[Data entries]
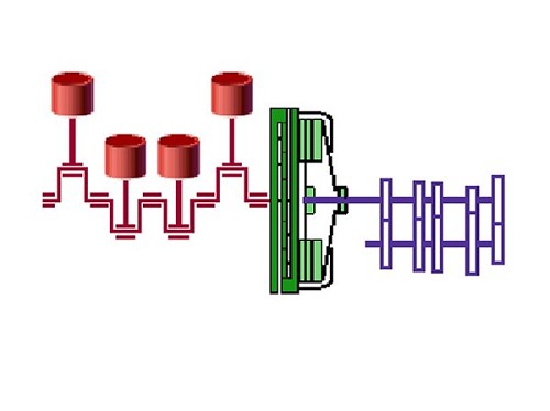 One group of components is usually connected to the crankshaft so that it cannot rotate, while another is connected to the transmission drive shaft so that it cannot rotate either.
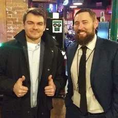 White nationalist Nick Fuentes (left) poses for a photo with Michael Sisco (right).
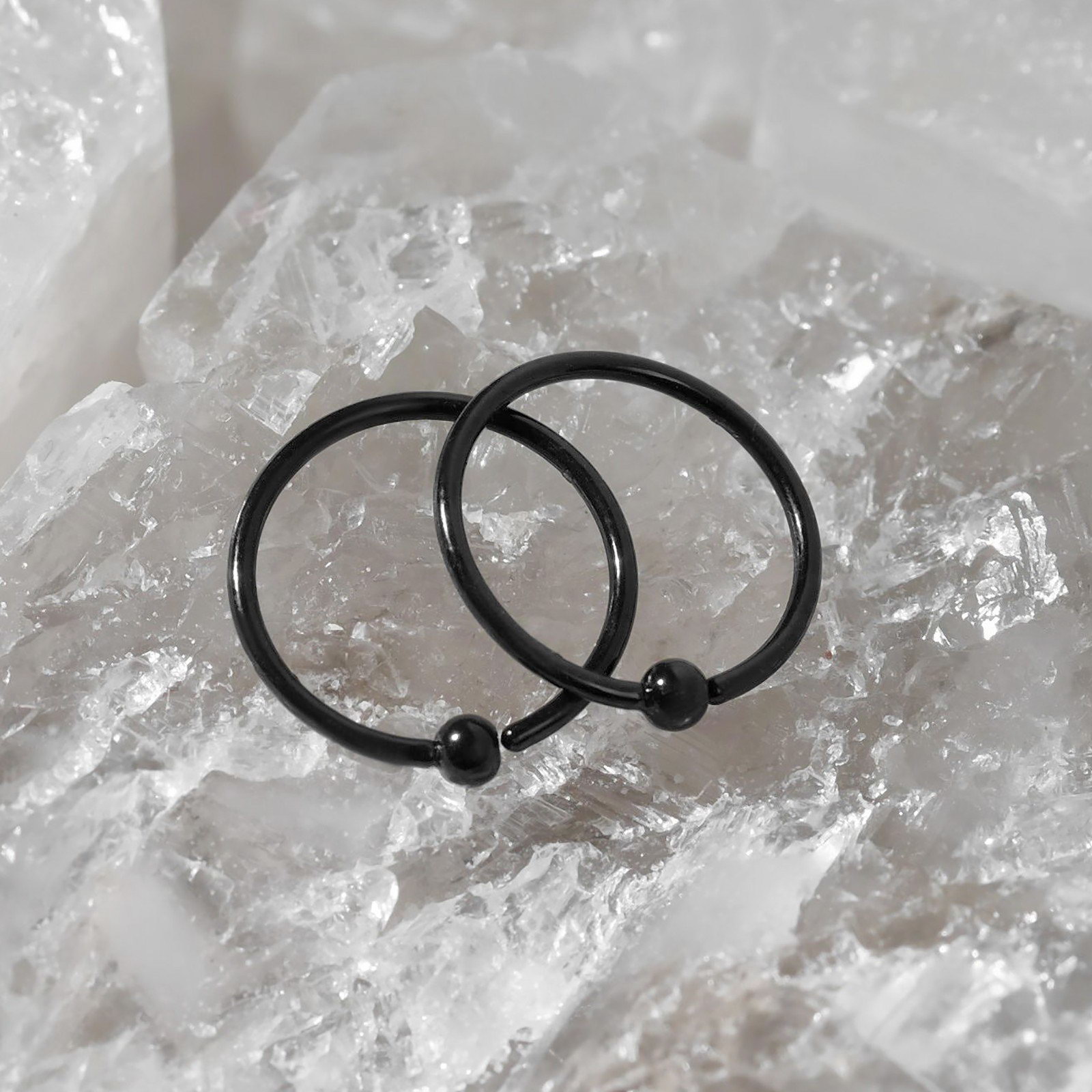 Пирсинг в нос "Кольцо и бусина", d=8.5 мм, пара, чёрный, 0.3x0.9x0.1 см., QF, Китай
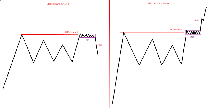 One statistically relevant variable that matters to point out is that if there is a shelf formed after successful HOD clearout, this will put a high chance of price fading lower after shelf and not rallying. Statistically, it happens much more rarely that price would rally from the formed shelf, especially if the tape is confirming large seller present. In more cases, shelf results with fade instead (if it is well expressed).
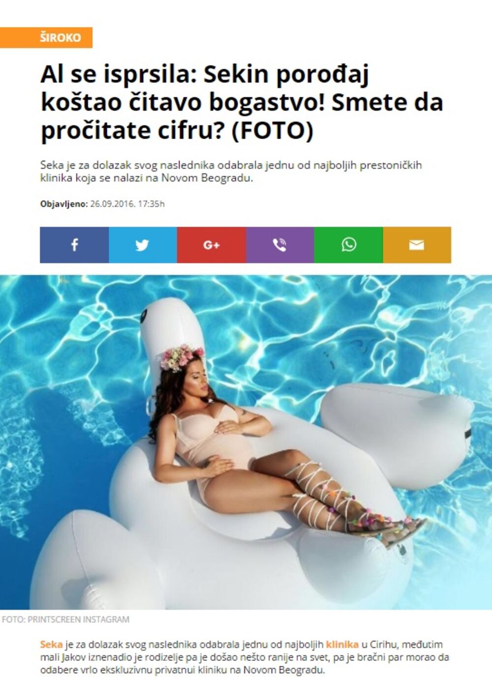 Ipak, ono što je izazvalo najviše komentara jeste saznanje određenih beogradskih medija da je Seka "pukla" čitavih 4.000 evra na porođaj.
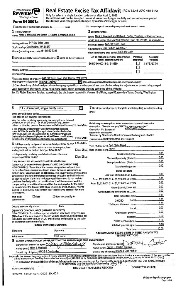 | Mailing Address: | 629 BUSH POINT RD FREELAND, WA 98249 | % Ownership: | 100.0000000000% |
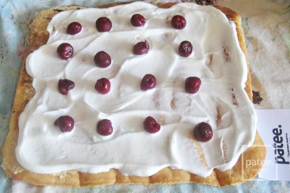 Бисквитный корж осторожно развернуть и сбрызнуть вишневым соком. Смазать обильно бисквит взбитыми сливками и сверху разложить на нем вишню
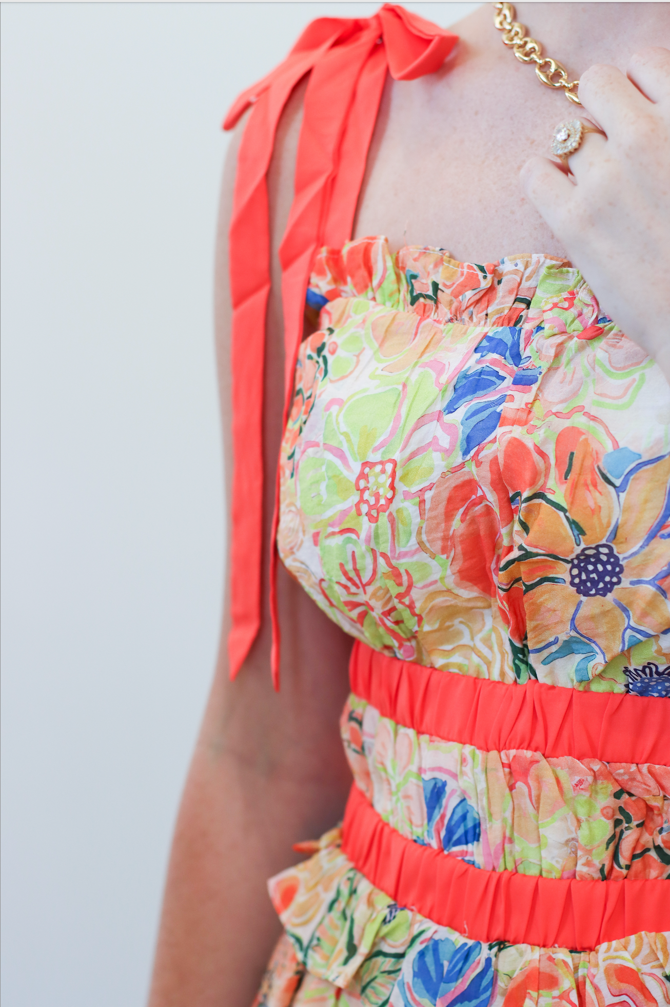 This playful floral skort romper features a ruffled neckline and wide tying straps in a contrasting fabric for a fun, flirty look. The fitted bodice and high elastic waist with tiered contrast binding highlight your shape, while the romper shorts with a mini skirt overlay add a charming, breezy vibe perfect for sunny days by the seaside.
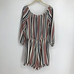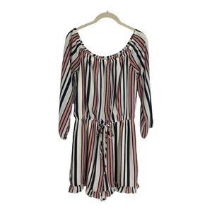 Charlotte Russe Blush Toned Pin Striped Off The Shoulder Short Romper size M
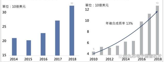 2014年以来,全球轿车的年销量一直维持于6,500~7,000万辆,且未来数年整体销量仍可能持平。尽管如此,电子零组件的应用发展仍带动车内半导体组件使用量激增,车用IC的整体潜在市场近年已明显扩大(下图左);世界一流的IC设计公司在汽车芯片的收入也呈现大幅成长(下图右)。

▶ What is needed
Give again the stretch of the entries above that begins at the line with "Ownership: | 100.0000000000% |" and ends at the line with "Бисквитный корж осторожно", word for word, with no pictures.

▶ Answer section
 | Mailing Address: | 629 BUSH POINT RD FREELAND, WA 98249 | % Ownership: | 100.0000000000% |
 Бисквитный корж осторожно развернуть и сбрызнуть вишневым соком. Смазать обильно бисквит взбитыми сливками и сверху разложить на нем вишню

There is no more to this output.